Good catch — <stdbool.h> is included and bool does appear in a few places (e.g. rocksdb_multi_get_entity_cf, rocksdb_load_latest_options, rocksdb_write_buffer_manager_*). However, those look like inconsistencies
introduced in newer additions rather than an intentional shift, because:
- The file explicitly documents the convention at line 40: "Bools have the type unsigned char (0 == false; rest == true)"
- The overwhelming majority of the file — including all existing backup engine option setters (set_share_table_files, set_sync, set_destroy_old_data, set_backup_log_files) — uses unsigned char
Staying consistent with the immediate family of backup functions and the documented convention seems like the right call here. That said, if you'd prefer we use bool to match the newer additions and move the file
toward bool uniformity, I'm happy to make that change.
There was a problem hiding this comment.
i am fine as long as code owners are fine with the format.
| rocksdb_create_backup_options_t* options, void* callback_arg, | ||
| void (*callback)(void* arg)) { |
There was a problem hiding this comment.
Curious - how do we plan to use the callback_arg. The C++ api will call the callback_function without any arguments (std::function<void()>) - so at best we can track the number of times the callback function was called -- but that can be achieved other ways as well instead of passing callback args to this translation layer.

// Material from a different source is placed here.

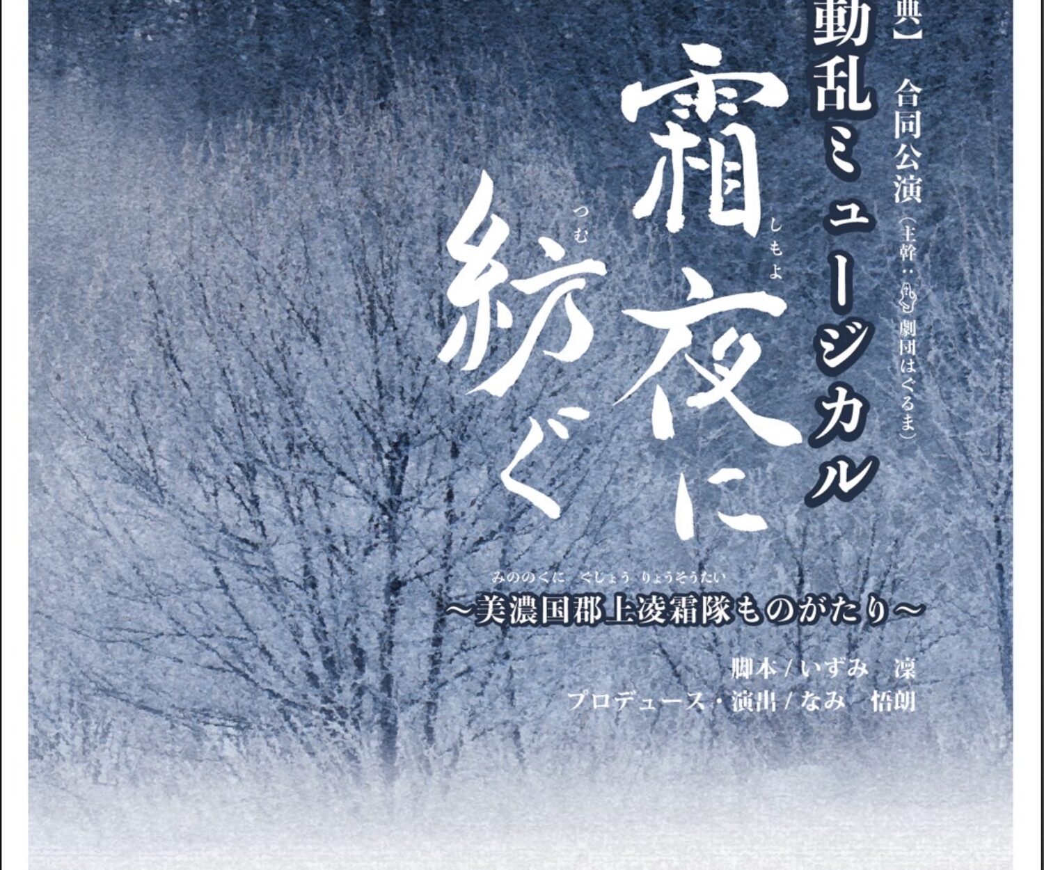 Past 10 9月 2024 霜夜に紡ぐ(劇団はぐるま) ミュージカルの音楽を担当いたしました。 劇団はぐるま合同公演「霜夜に紡ぐ」 幕末、岐阜の郡上藩士によって結成された「凌霜隊」 を中心に描いた歴史物語です。 邦楽器も取り入れた歌、音楽に溢れております。 脚本 いずみ凜 プロデュース・演出 なみ悟朗 10/19.20日 岐阜市文化センター hidaka

There was a problem hiding this comment.
The C++ callback is std::function<void()> with no arguments. The C API bridges this by capturing callback_arg in a lambda that calls the C function pointer with that arg: [callback, callback_arg]]() { callback(callback_arg); }. This is the standard C idiom for stateful callbacks (same pattern as pthread_create, qsort_r, etc.) — it lets callers pass context without requiring global state. Without callback_arg, a Rust or C caller would have to use a global variable to track progress state.
| rocksdb_env_destroy(benv); | ||
| CheckNoError(err); | ||
|
|
||
| int progress_count = 0; |
There was a problem hiding this comment.
progress_count is just incremented through the callback function, but I don't see validations if it was ever incremented or called into.
There was a problem hiding this comment.
Fixed — added assert(progress_count > 0) after the backup call. Also set callback_trigger_interval_size = 1 when opening the backup engine so the callback fires even on the small test database (the default 4MB threshold would never be reached in a unit test).
| { | ||
| rocksdb_ratelimiter_t* limiter = | ||
| rocksdb_ratelimiter_create_with_mode(1024 * 1024, 100 * 1000, 10, 2, | ||
| 0); | ||
| rocksdb_backup_engine_options_set_backup_rate_limiter(bdo, limiter); | ||
| rocksdb_backup_engine_options_set_restore_rate_limiter(bdo, limiter); | ||
| rocksdb_ratelimiter_destroy(limiter); | ||
| } | ||
|
|
There was a problem hiding this comment.
can this test evolved to see if there's going to be any error in actually running the backup with provided rate limiter?
There was a problem hiding this comment.
Fixed in the latest commit. For the rate limiter test, added a block that opens a real backup engine with both backup_rate_limiter and restore_rate_limiter set, runs a backup against the live DB, and asserts no error is returned.
| extern ROCKSDB_LIBRARY_API void rocksdb_backup_engine_stop_backup( | ||
| rocksdb_backup_engine_t* be); |
There was a problem hiding this comment.
would like to see a test for this method too.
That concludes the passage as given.